Liquid Phase Electron Microscopy and Spectroscopy of Biological Specimens

Cryo-EM’s greatest strength is the ability to achieve near-atomic level resolutions in native environments of frozen-hydrated biomolecules and cells. However, frozen samples by their very nature reduce very dynamic processes to single snapshots in time. Computational and theoretical inferences enable these snapshots to glimpse the dynamic intermolecular relationships which composes the protein structural ensemble. However, these are “best guesses”regarding the series and direction of conformational changes a given protein makes, often skewed by more stable conformations. Transitioning from single snapshots in time to movies of actual dynamics would transform how we approach protein-drug interactions, studies of protein complex formation in cells, protein aggregation, cell response/interactions and numerous other biologically and clinically relevant phenomena. The rapidly emerging field of liquid phase electron microscopy (LPEM) may be vital to unlocking the next frontier of structural biology in EM – in situ structural dynamics.

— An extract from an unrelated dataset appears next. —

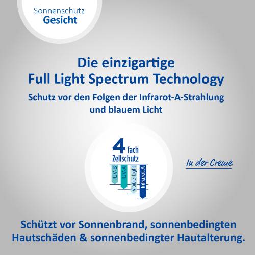 Sonnenstrahlen gibt es in verschiedenen Wellenlängen. Sie haben verschiedene Auswirkungen auf die Haut, wirken jedoch alle zellschädigend. Daher ist es wichtig einen Sonnenschutz zu verwenden, der rundum schützt. Dank einzigartigem 4-fach Zellschutz schützt die Ladival® Aktiv Sonnenschutz-Creme vor UV-A- und UV-B-Strahlen, vor den Folgen der Infrarot-A-Strahlung und sichtbarem Licht (einschließlich blauem Licht). So wird die Haut auch vor einer vorzeitigen, sonnenbedingten Hautalterung geschützt.

Here at the Rosalind Franklin Institute, we are testing ways to encapsulate biological specimens in new graphene and conventional silicon nitride liquid cells to protect them from the harsh vacuum of the electron microscope. This work will allow us to image life in liquid, expanding our understanding across spatial and temporal dimensions. Combined with advanced electron spectroscopic techniques we can start to build a more complete picture of the complex chemical and biological changes which occur within the cell at nanometre resolutions and millisecond timescales.